◆ DATA EXTRACTS ◆
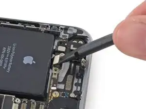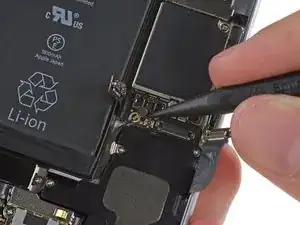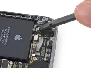 Снимите металлический кронштейн разъёма аккумулятора с iPhone.
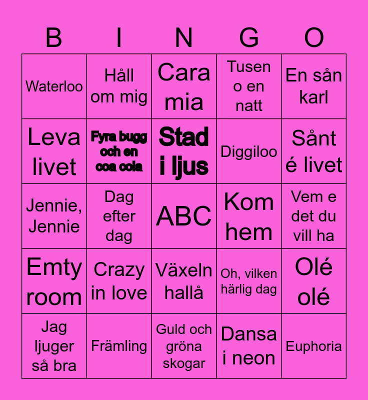 This bingo card has a free space and 24 words: Crazy in love, Främling, Stad i ljus, Jag ljuger så bra, En sån karl, Waterloo, Leva livet, Håll om mig, Kom hem, Växeln hallå, Diggiloo, Jennie, Jennie, Oh, vilken härlig dag, Olé olé, Fyra bugg och en coa cola, Dansa i neon, Vem e det du vill ha, Cara mia, Sånt é livet, Dag efter dag, Euphoria, Emty room, Tusen o en natt and Guld och gröna skogar.
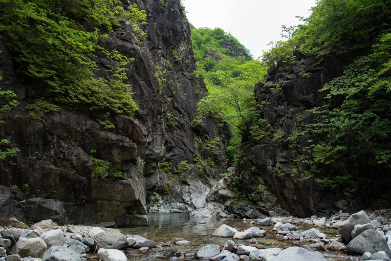右岸の大岩壁の先は平凡なゴーロが続いているので、歩いていてもあまり面白くはない。
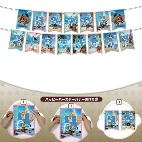 MDJAIE(ング ヘ)モアナと伝説の海誕生日飾り付けモアナディズニーバースデーバルーンガーランド誕生日バルーンバースデーデコレーション風船セットHappyBirthdayガーランドケーキトッパーハッピーバースデーバナー飾りセットリボン付き
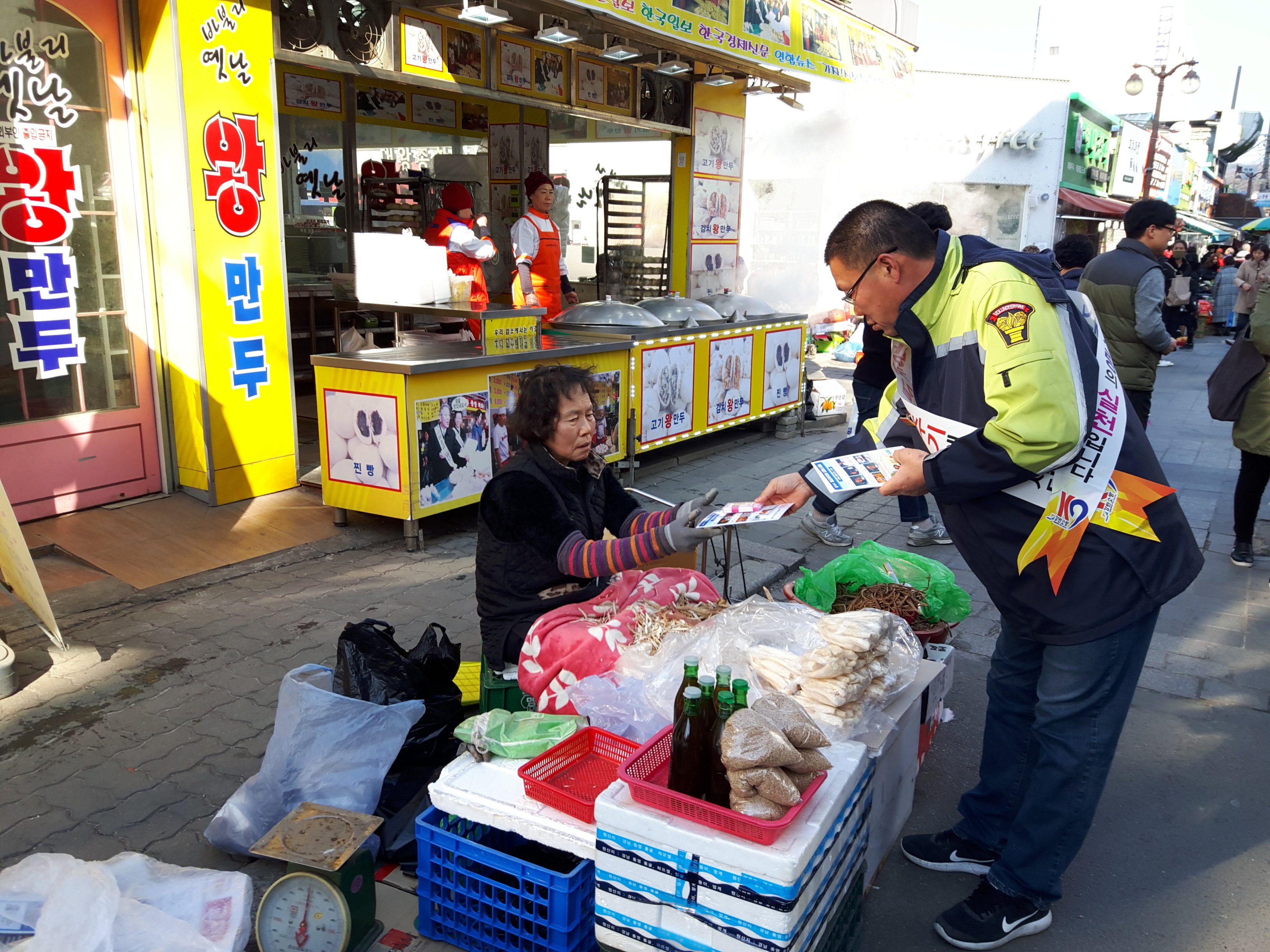 중앙시장에서 서장님, 여성대와 함께 화재예방 홍보 캠페인 진행중입니다!!!
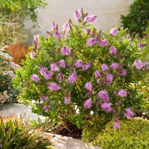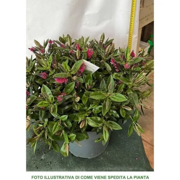 L’hebe addenda är en rustik hybrid med gröna blad som är beige vid kanterna. Den har en riklig blomning med korta blomställningar i färgen lila, och det är lämpligt att ta bort torra delar för att ge ny livskraft åt växten. Den är av låg hårdhet, så det är bra att skydda den under vintern. Blomstring: augusti – sen höst. Den växer upp till 90-100 cm i höjd. Höjd på växten vid försäljning: cirka 20-25 cm i kruka 27 cm. Observera: Höjden på växten kan variera beroende på vilken säsong den köps.
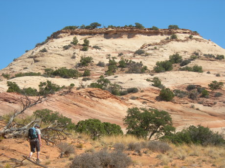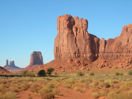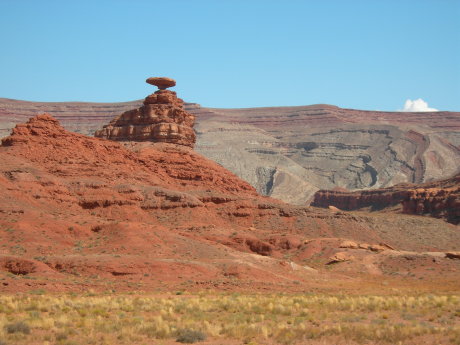Vanuit Page kom je al snel in Navajo-gebied, en daarna ook een stukje Hopi-gebied. Ook al hebben we serieus gesnoeid in onze doortocht bij de indianen, we hebben nog altijd heel wat kilometers af te malen. Maar het landschap maakt veel goed. Even voorbij de grens van Arizona met Utah komen we aan het Goosenecks State Park. Een uniek zicht op verschillende meanders van de Colorado. We stoppen ook aan Mexican Hat, een rots die zijn naam niet gestolen heeft.
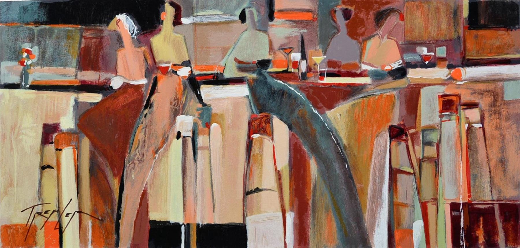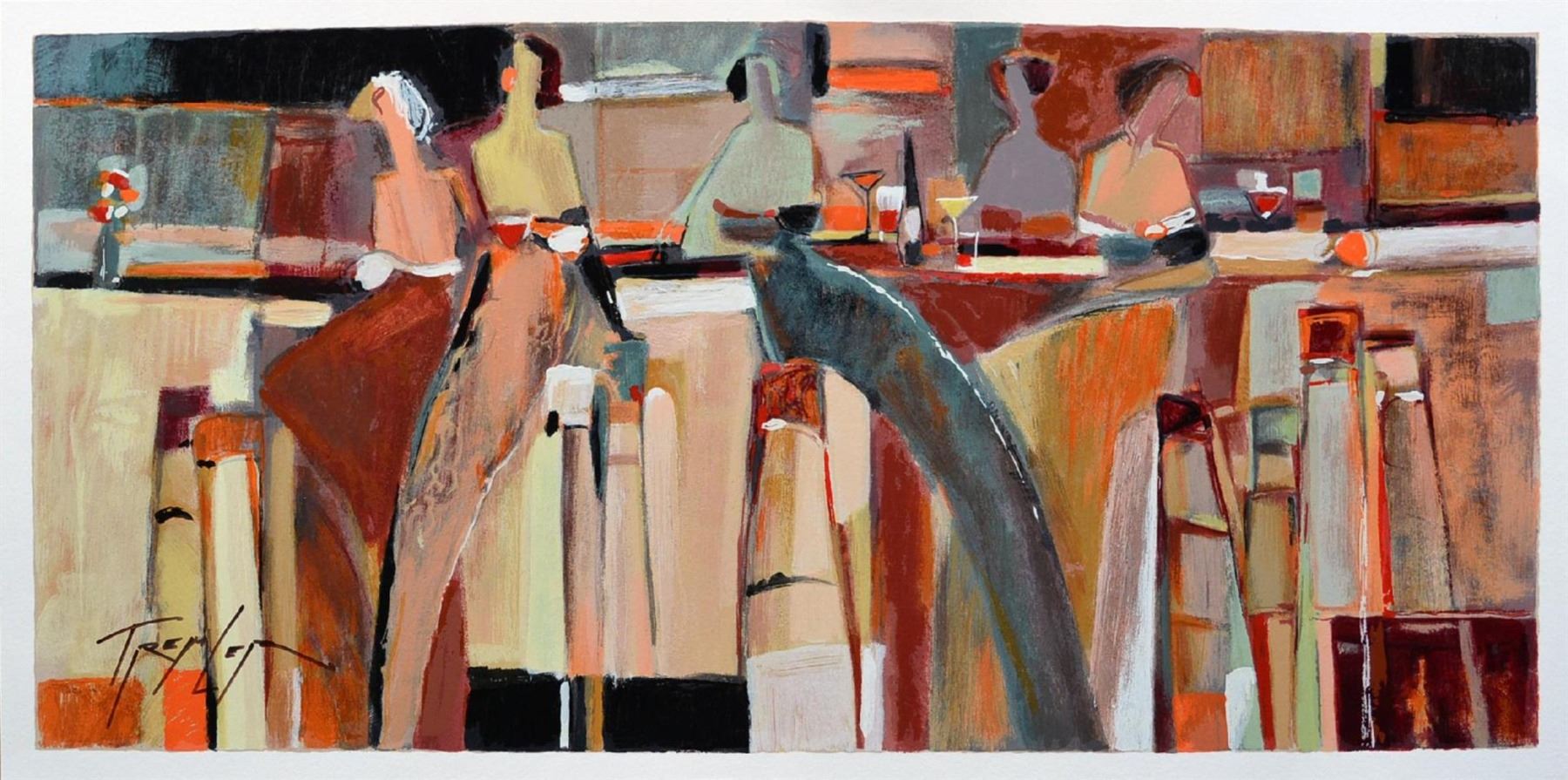 Artist: Yuri Tremler - Title: Girlfriends - Medium: Serigraph on Fine Art Paper - Signature: Hand-signed by the Artist - Limited Edition: 480 - Image Size: Approximately 16 inches x 34 inches - Paper Size: Approximately 17.75 inches x 35.75 inches - Unframed - Details: This work comes with a Certificate of Authenticity - Yuri's art reminds us of sudden still-life, left after an intimate party, of time spent with friends, or shared past which still excites. Sometimes whimsical, sometimes nostalgic, Tremler's art reaches inward to basic emotions of humanity.
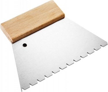 Spaclu zimtat pentru aplicarea adezivilor Bona versiune grosiera.Inox cu maner de lemn.Marime: 180 x 150 mmDimensiune: 1000 G (aprox. 1000 g/m²)Ambalaj: 10 buc / bax.
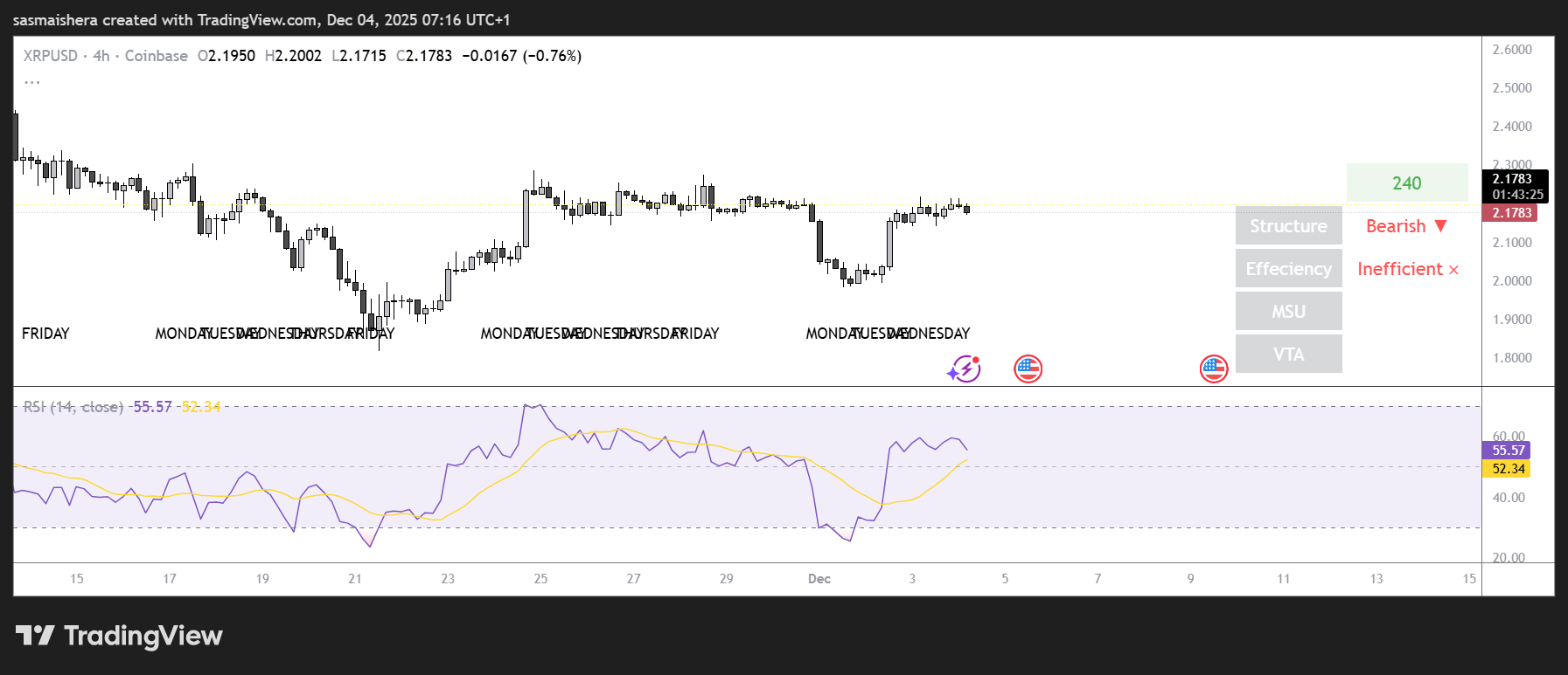 The XRP/USD 4-hour chart is bearish and inefficient as XRP has failed to rally past the $2.2 resistance level over the past few days.

◆ YOUR GOAL ◆
Give again, word for word, the lines above from the first one through the one containing "L’hebe addenda är"; no pictures.

◆ TASK ANSWER ◆
 Снимите металлический кронштейн разъёма аккумулятора с iPhone.
 This bingo card has a free space and 24 words: Crazy in love, Främling, Stad i ljus, Jag ljuger så bra, En sån karl, Waterloo, Leva livet, Håll om mig, Kom hem, Växeln hallå, Diggiloo, Jennie, Jennie, Oh, vilken härlig dag, Olé olé, Fyra bugg och en coa cola, Dansa i neon, Vem e det du vill ha, Cara mia, Sånt é livet, Dag efter dag, Euphoria, Emty room, Tusen o en natt and Guld och gröna skogar.
右岸の大岩壁の先は平凡なゴーロが続いているので、歩いていてもあまり面白くはない。
 MDJAIE(ング ヘ)モアナと伝説の海誕生日飾り付けモアナディズニーバースデーバルーンガーランド誕生日バルーンバースデーデコレーション風船セットHappyBirthdayガーランドケーキトッパーハッピーバースデーバナー飾りセットリボン付き
 중앙시장에서 서장님, 여성대와 함께 화재예방 홍보 캠페인 진행중입니다!!!
 L’hebe addenda är en rustik hybrid med gröna blad som är beige vid kanterna. Den har en riklig blomning med korta blomställningar i färgen lila, och det är lämpligt att ta bort torra delar för att ge ny livskraft åt växten. Den är av låg hårdhet, så det är bra att skydda den under vintern. Blomstring: augusti – sen höst. Den växer upp till 90-100 cm i höjd. Höjd på växten vid försäljning: cirka 20-25 cm i kruka 27 cm. Observera: Höjden på växten kan variera beroende på vilken säsong den köps.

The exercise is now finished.